(Stored items from a collection)
══════
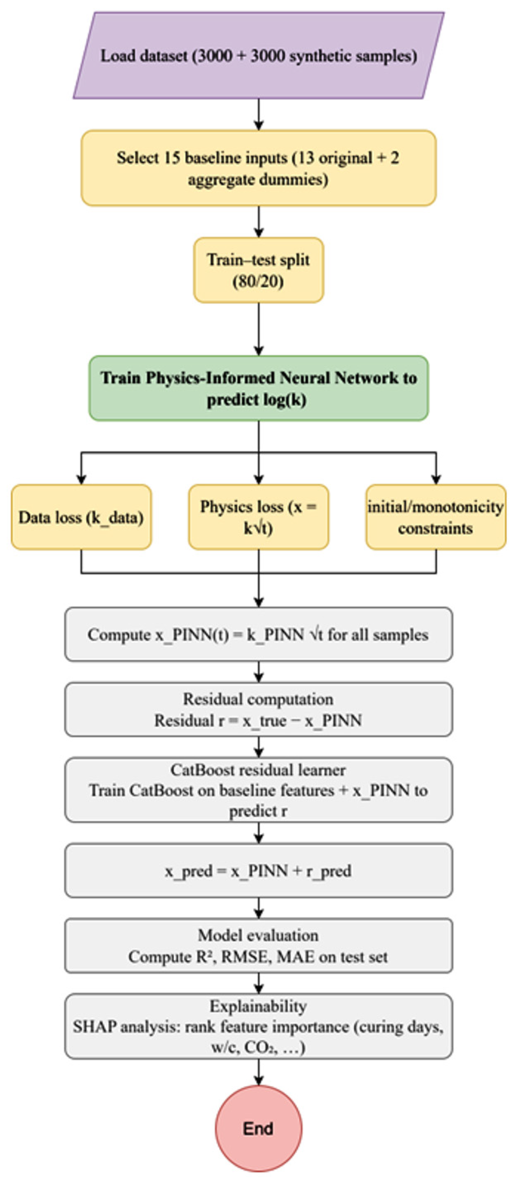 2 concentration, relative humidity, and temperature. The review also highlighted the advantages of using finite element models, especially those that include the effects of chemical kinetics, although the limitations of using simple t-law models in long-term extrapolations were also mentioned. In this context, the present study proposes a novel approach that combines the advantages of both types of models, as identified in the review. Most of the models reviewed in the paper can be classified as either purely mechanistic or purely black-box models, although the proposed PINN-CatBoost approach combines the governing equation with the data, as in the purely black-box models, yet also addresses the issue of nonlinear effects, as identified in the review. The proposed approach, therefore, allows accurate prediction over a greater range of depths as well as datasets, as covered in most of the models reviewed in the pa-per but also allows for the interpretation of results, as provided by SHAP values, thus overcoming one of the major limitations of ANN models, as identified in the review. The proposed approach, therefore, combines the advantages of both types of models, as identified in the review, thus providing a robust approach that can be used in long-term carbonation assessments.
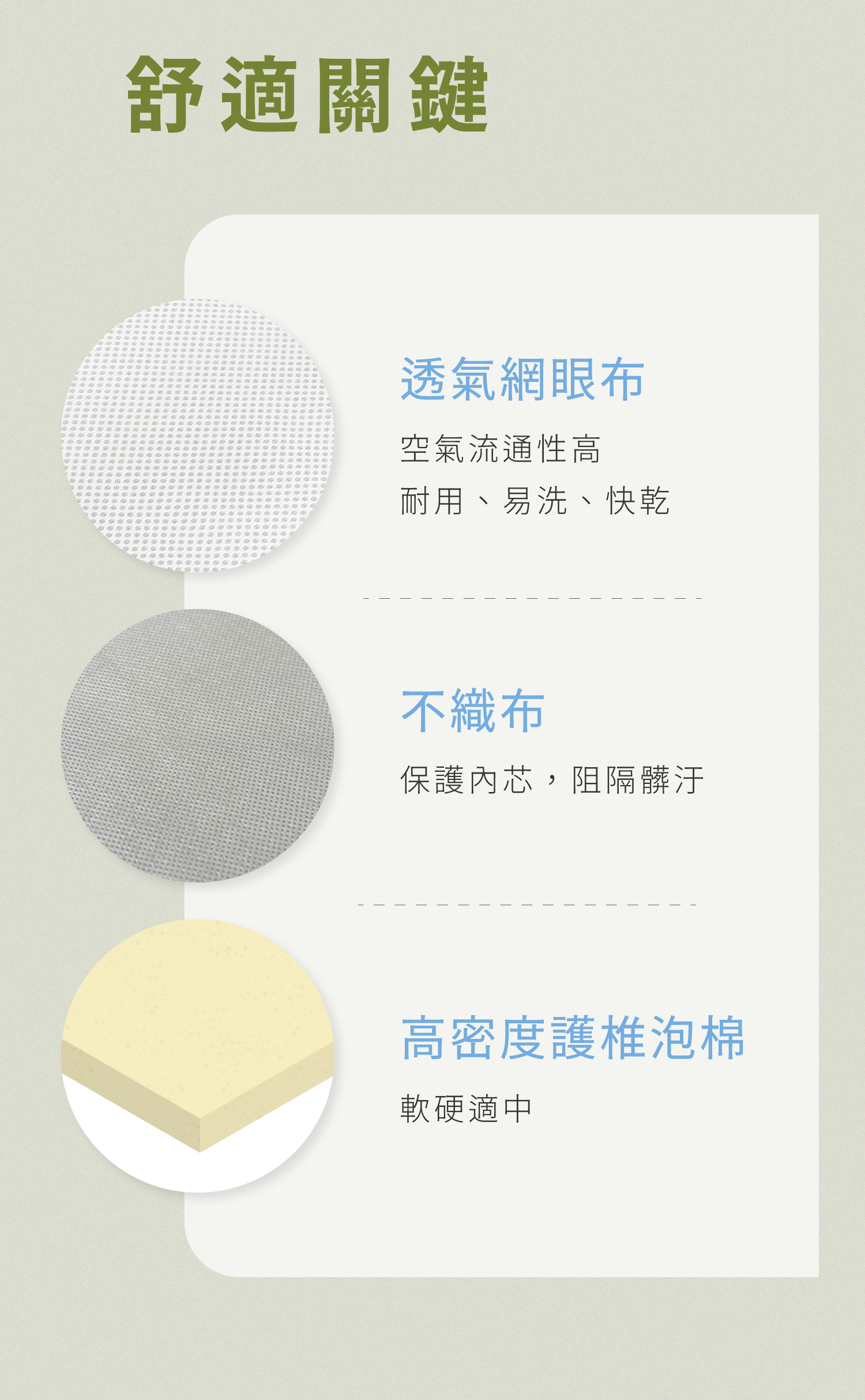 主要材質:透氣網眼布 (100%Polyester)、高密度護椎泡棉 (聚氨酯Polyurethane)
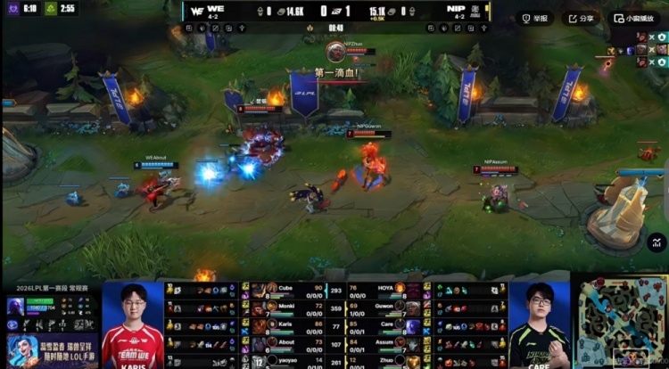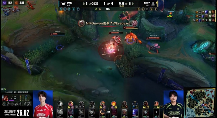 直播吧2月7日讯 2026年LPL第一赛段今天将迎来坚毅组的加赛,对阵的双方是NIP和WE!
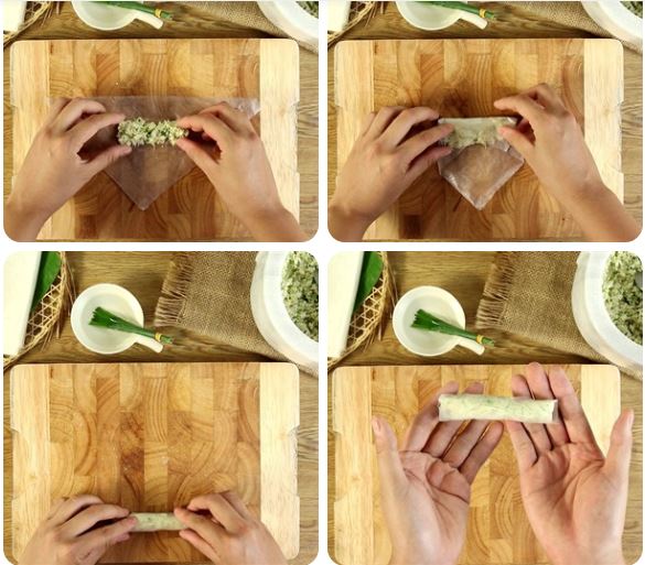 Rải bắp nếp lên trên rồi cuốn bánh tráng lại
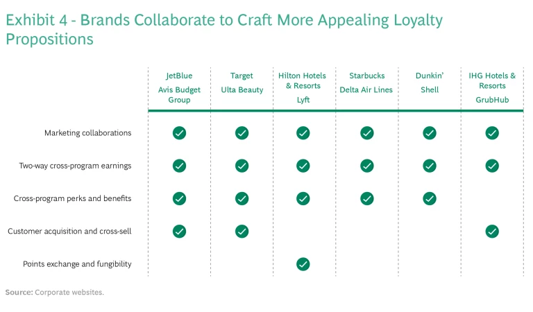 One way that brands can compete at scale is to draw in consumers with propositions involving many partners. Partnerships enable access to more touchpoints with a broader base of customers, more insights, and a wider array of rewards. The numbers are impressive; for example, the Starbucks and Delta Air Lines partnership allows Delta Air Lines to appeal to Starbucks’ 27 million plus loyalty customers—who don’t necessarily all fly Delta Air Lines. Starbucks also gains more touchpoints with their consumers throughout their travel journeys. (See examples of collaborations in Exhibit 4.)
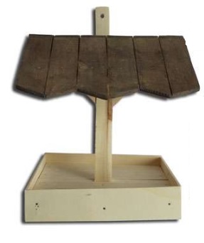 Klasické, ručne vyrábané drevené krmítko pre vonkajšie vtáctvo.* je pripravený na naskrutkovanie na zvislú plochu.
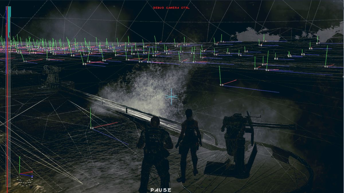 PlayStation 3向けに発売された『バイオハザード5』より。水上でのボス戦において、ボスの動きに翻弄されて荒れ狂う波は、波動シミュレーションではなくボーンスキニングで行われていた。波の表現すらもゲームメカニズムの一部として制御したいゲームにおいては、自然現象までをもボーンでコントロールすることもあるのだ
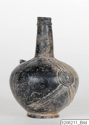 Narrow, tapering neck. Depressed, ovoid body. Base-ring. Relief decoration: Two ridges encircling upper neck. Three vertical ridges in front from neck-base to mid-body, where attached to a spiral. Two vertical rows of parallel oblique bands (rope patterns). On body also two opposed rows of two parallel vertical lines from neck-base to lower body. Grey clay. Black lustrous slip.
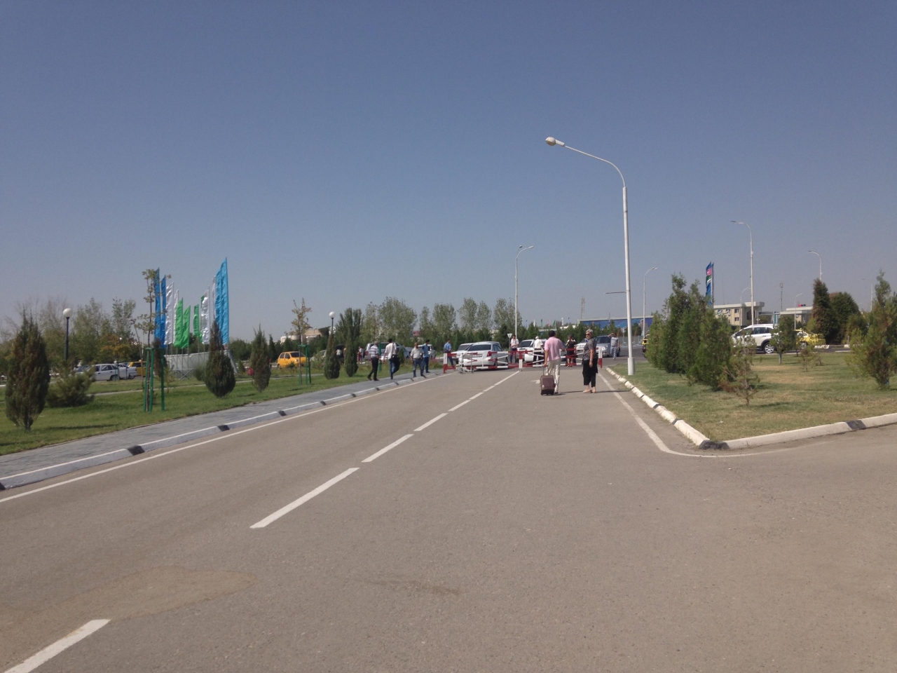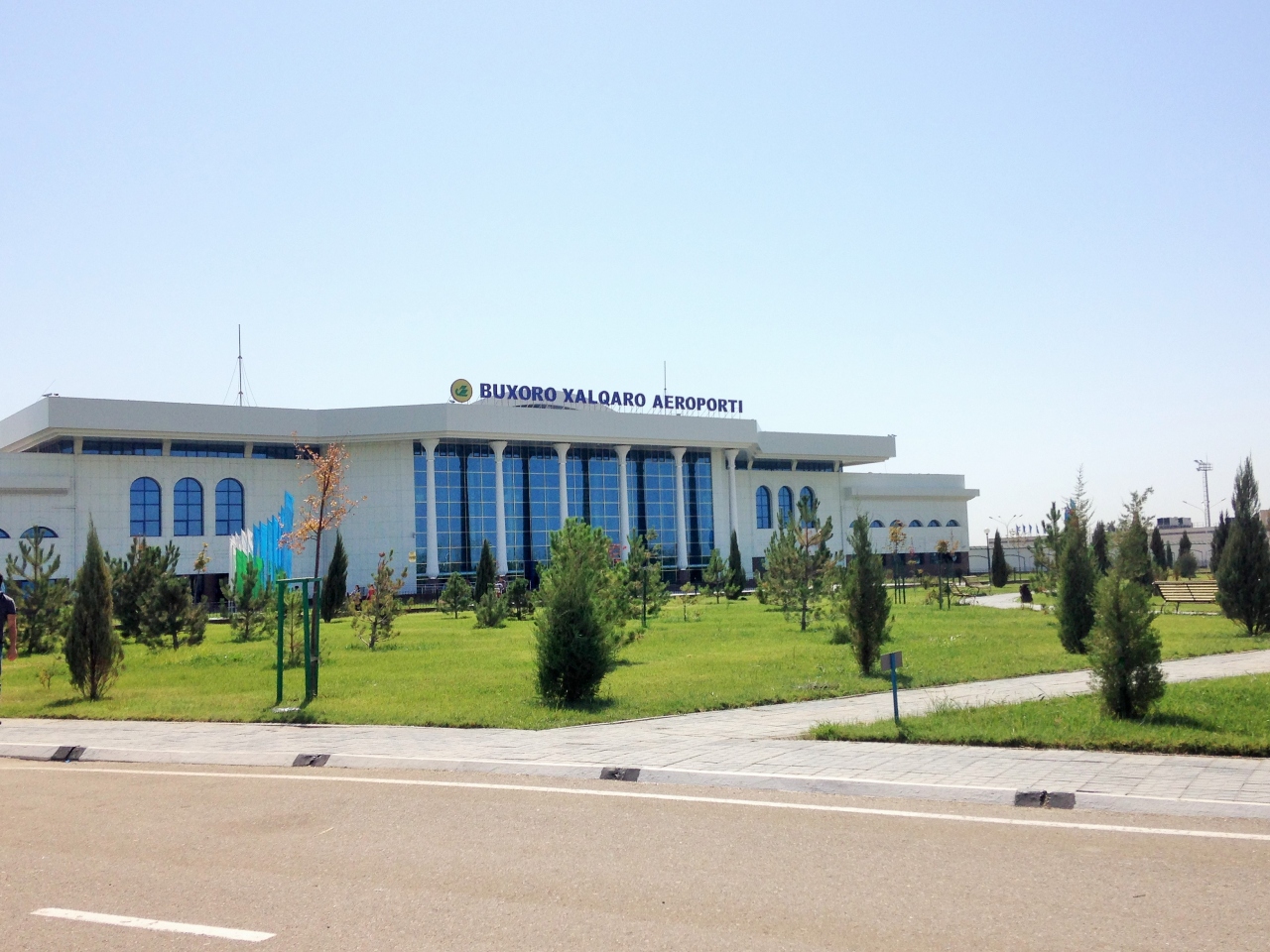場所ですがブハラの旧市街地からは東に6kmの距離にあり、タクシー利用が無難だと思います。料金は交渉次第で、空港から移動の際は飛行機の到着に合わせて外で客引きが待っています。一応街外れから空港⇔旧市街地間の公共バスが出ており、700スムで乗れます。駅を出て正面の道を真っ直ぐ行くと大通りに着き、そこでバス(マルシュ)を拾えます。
══════
» Exercise prompt: Your output should consist solely of the lines from the line containing "Narrow, tapering neck." through the last line of the entries, verbatim, minus any pictures.

» Answer for this exercise:
 Narrow, tapering neck. Depressed, ovoid body. Base-ring. Relief decoration: Two ridges encircling upper neck. Three vertical ridges in front from neck-base to mid-body, where attached to a spiral. Two vertical rows of parallel oblique bands (rope patterns). On body also two opposed rows of two parallel vertical lines from neck-base to lower body. Grey clay. Black lustrous slip.
場所ですがブハラの旧市街地からは東に6kmの距離にあり、タクシー利用が無難だと思います。料金は交渉次第で、空港から移動の際は飛行機の到着に合わせて外で客引きが待っています。一応街外れから空港⇔旧市街地間の公共バスが出ており、700スムで乗れます。駅を出て正面の道を真っ直ぐ行くと大通りに着き、そこでバス(マルシュ)を拾えます。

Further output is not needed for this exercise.